■ Records ■
============

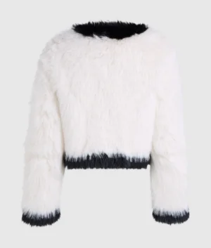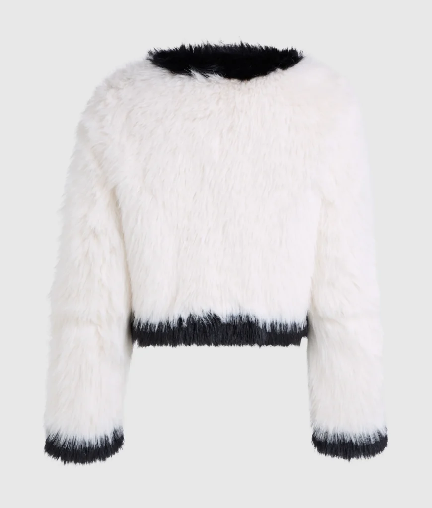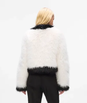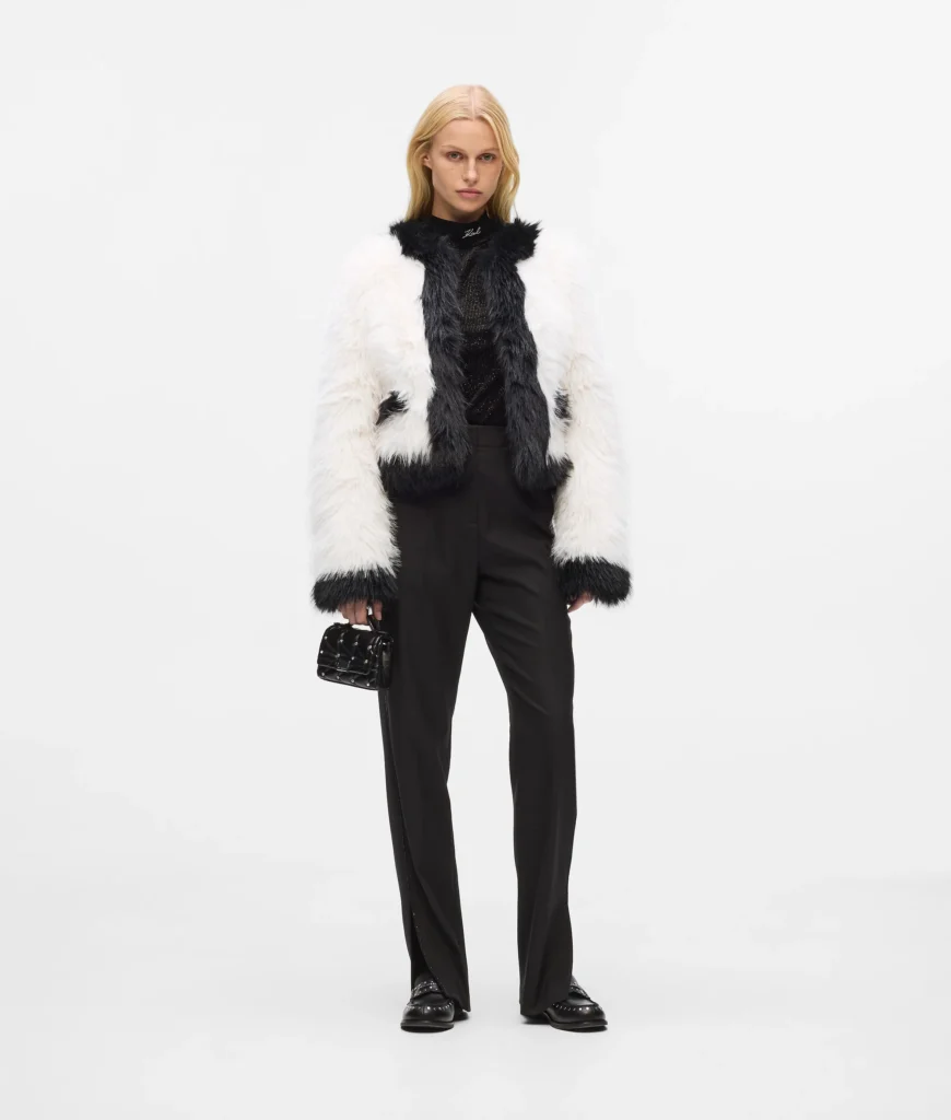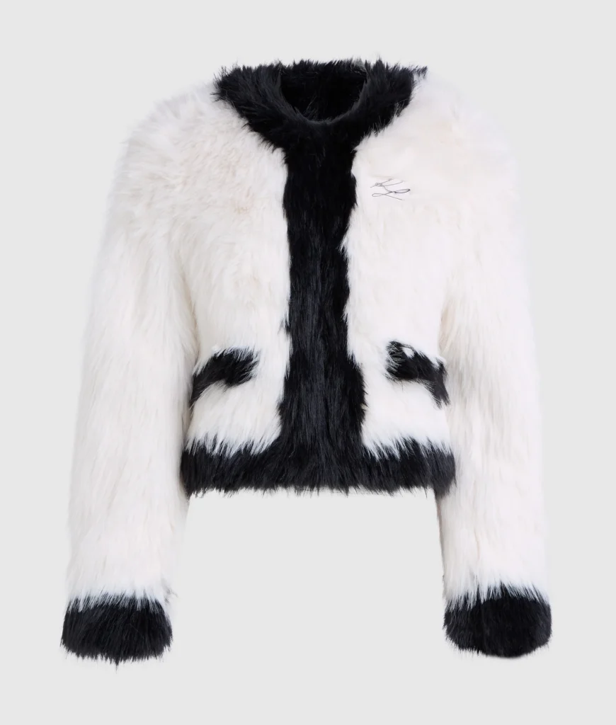Vācu luksusa zīmola Karl Lagerfeld ekstravaganta īsa piegriezuma sieviešu virsjaka no mākslīgās kažokādas ar izteiksmīgu tekstūru. Papildināta ar slēptu āķu aizdari un kontrastējošu apdari. Akcentēta ar sudraba krāsas zīmola monogrammas piespraudi.
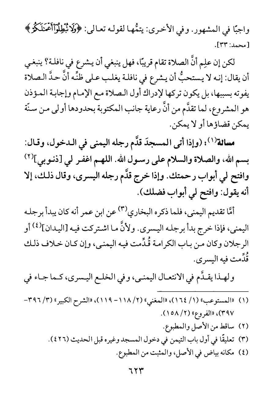 (¬١) «المستوعب» (١/ ١٦٤)، «المغني» (٢/ ١١٨ - ١١٩)، «الشرح الكبير» (٣/ ٣٩٦ - ٣٩٧)، «الفروع» (٢/ ١٥٨).
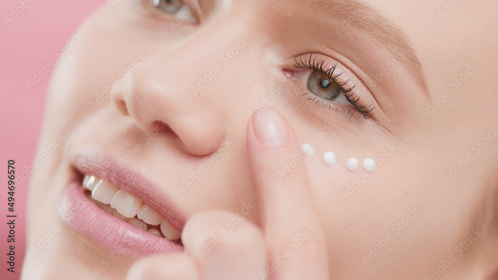 Extreme close-up shot of good-looking Caucasian woman who applies cream under her eye against pink background | Eye cream application and face care commercial concept
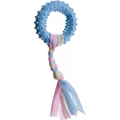 Hračky JK ANIMALS kroužek s uzlem, 7 cm : odolná hračka z termoplastické pryže pro psy, TPR hračka s bavlněným uzlem, s malými výstupky pro masáž dásní, průměr 7...
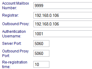 Registrar: je IP / domena vašega SIP ponudnika. Outbound Proxy: je IP / domena vašega SIP ponudnika (lahko se razlikuje od registrar IPja / domene). Authentication Username: Uporabniško ime SIP računa Ostale podatke pustite privzete. Kliknite Save, ter po potrebi ponovno zaženite napravo. |
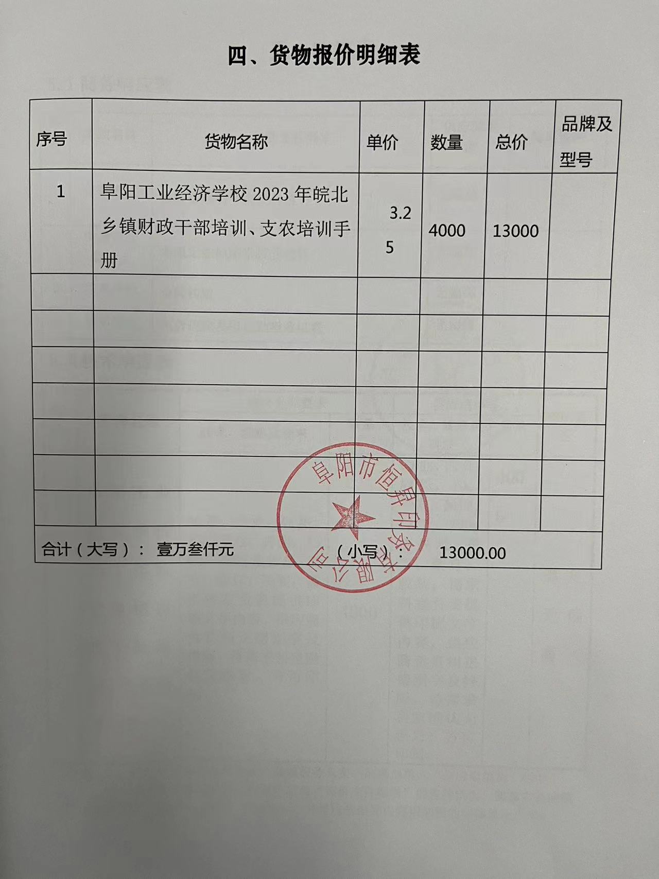 阜阳工业经济学校2023年皖北乡镇财政干部培训、支农培训手册采购项目成交公示

============

■ Directions for this task ■
This task calls for restating, word for word, each line from the line holding "١١٨ - ١١٩)،" through the end of the material, pictures left out.

■ Response to this task ■
 (¬١) «المستوعب» (١/ ١٦٤)، «المغني» (٢/ ١١٨ - ١١٩)، «الشرح الكبير» (٣/ ٣٩٦ - ٣٩٧)، «الفروع» (٢/ ١٥٨).
 Extreme close-up shot of good-looking Caucasian woman who applies cream under her eye against pink background | Eye cream application and face care commercial concept
 Hračky JK ANIMALS kroužek s uzlem, 7 cm : odolná hračka z termoplastické pryže pro psy, TPR hračka s bavlněným uzlem, s malými výstupky pro masáž dásní, průměr 7...
 Registrar: je IP / domena vašega SIP ponudnika. Outbound Proxy: je IP / domena vašega SIP ponudnika (lahko se razlikuje od registrar IPja / domene). Authentication Username: Uporabniško ime SIP računa Ostale podatke pustite privzete. Kliknite Save, ter po potrebi ponovno zaženite napravo. |
 阜阳工业经济学校2023年皖北乡镇财政干部培训、支农培训手册采购项目成交公示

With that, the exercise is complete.